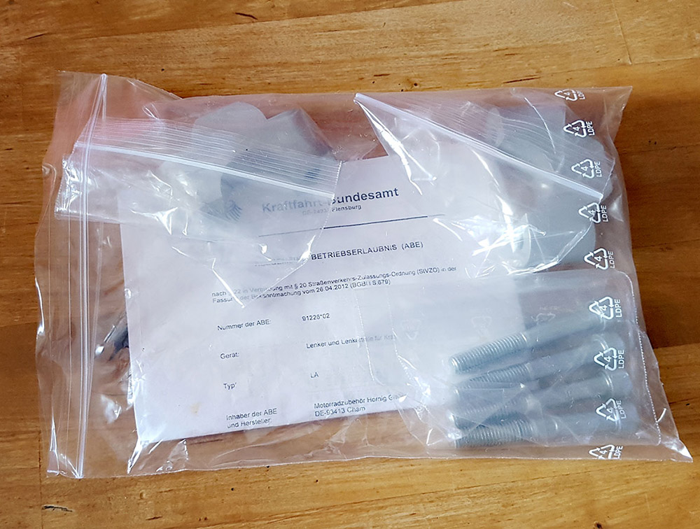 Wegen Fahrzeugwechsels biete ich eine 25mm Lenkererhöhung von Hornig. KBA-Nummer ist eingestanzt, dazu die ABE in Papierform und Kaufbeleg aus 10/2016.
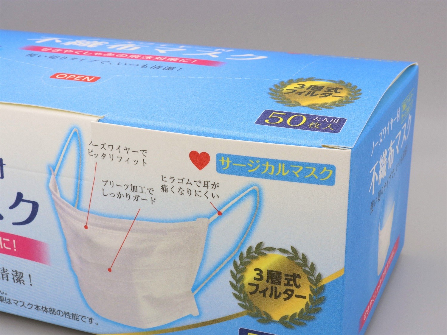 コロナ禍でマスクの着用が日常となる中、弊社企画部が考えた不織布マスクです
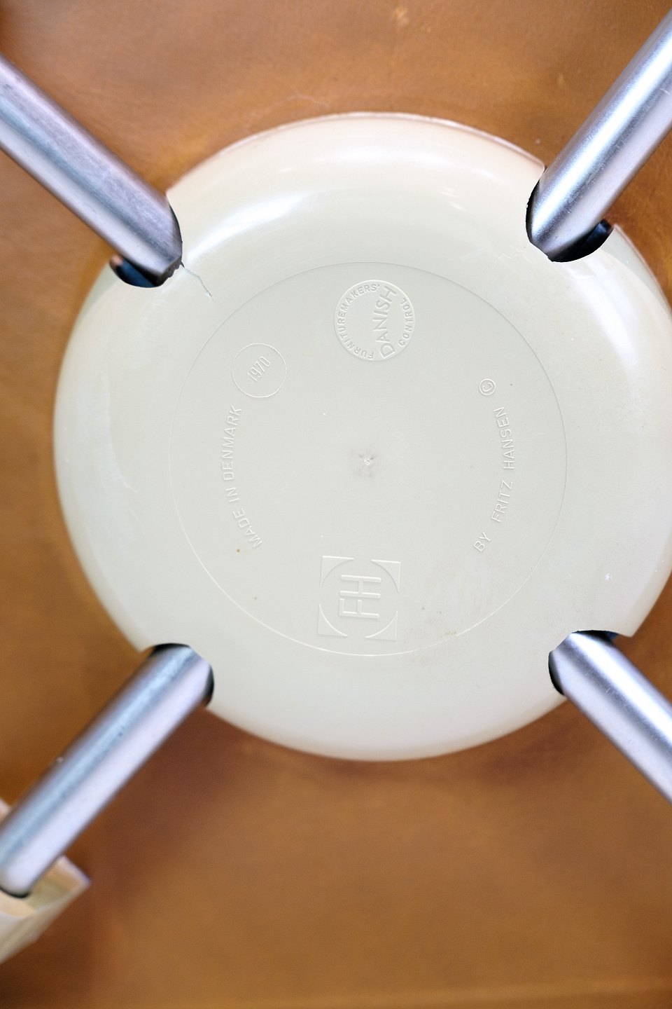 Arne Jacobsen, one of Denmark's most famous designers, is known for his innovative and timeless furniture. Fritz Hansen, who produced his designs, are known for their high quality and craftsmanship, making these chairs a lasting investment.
::::::
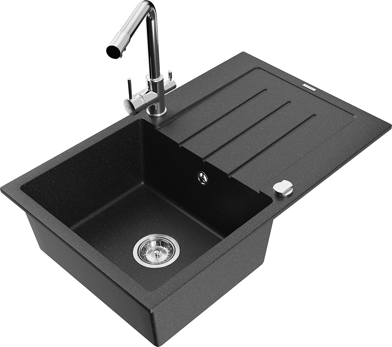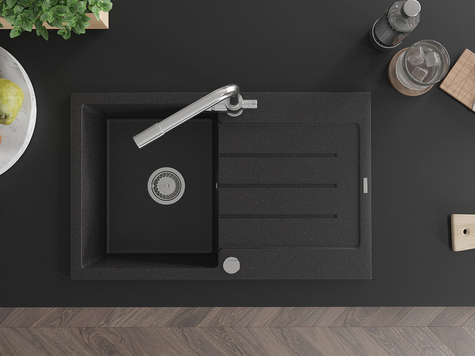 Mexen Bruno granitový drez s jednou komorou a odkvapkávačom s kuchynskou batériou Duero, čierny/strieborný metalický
::::::
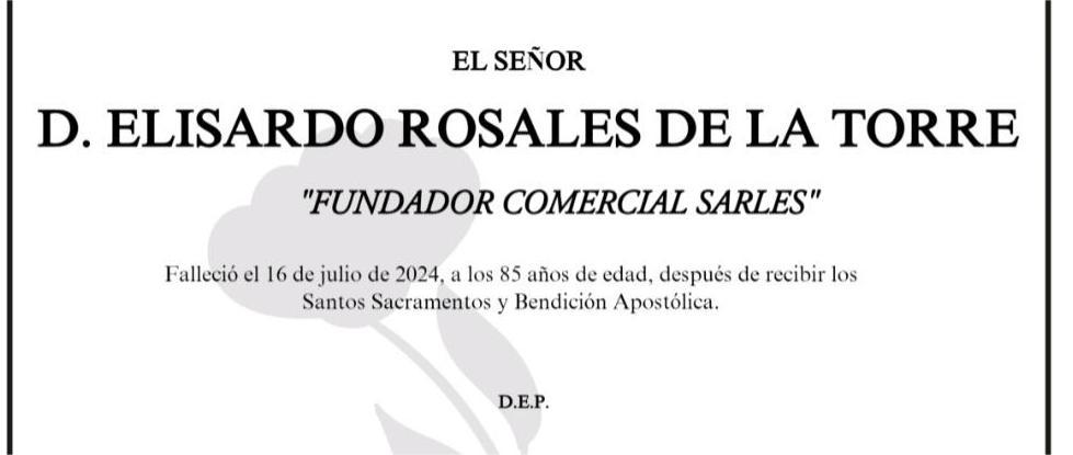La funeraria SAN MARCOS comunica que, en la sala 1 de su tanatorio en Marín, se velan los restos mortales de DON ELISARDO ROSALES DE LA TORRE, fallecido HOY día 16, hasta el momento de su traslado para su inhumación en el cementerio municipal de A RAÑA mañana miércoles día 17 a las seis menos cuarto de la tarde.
::::::
• AIM OF THE EXERCISE:
Nothing but the lines above from the one that has "Wegen Fahrzeugwechsels biete" down to the one that has "Arne Jacobsen, one" belongs in the answer, copied exactly, without pictures.

• ANSWER BELOW:
 Wegen Fahrzeugwechsels biete ich eine 25mm Lenkererhöhung von Hornig. KBA-Nummer ist eingestanzt, dazu die ABE in Papierform und Kaufbeleg aus 10/2016.
 コロナ禍でマスクの着用が日常となる中、弊社企画部が考えた不織布マスクです
 Arne Jacobsen, one of Denmark's most famous designers, is known for his innovative and timeless furniture. Fritz Hansen, who produced his designs, are known for their high quality and craftsmanship, making these chairs a lasting investment.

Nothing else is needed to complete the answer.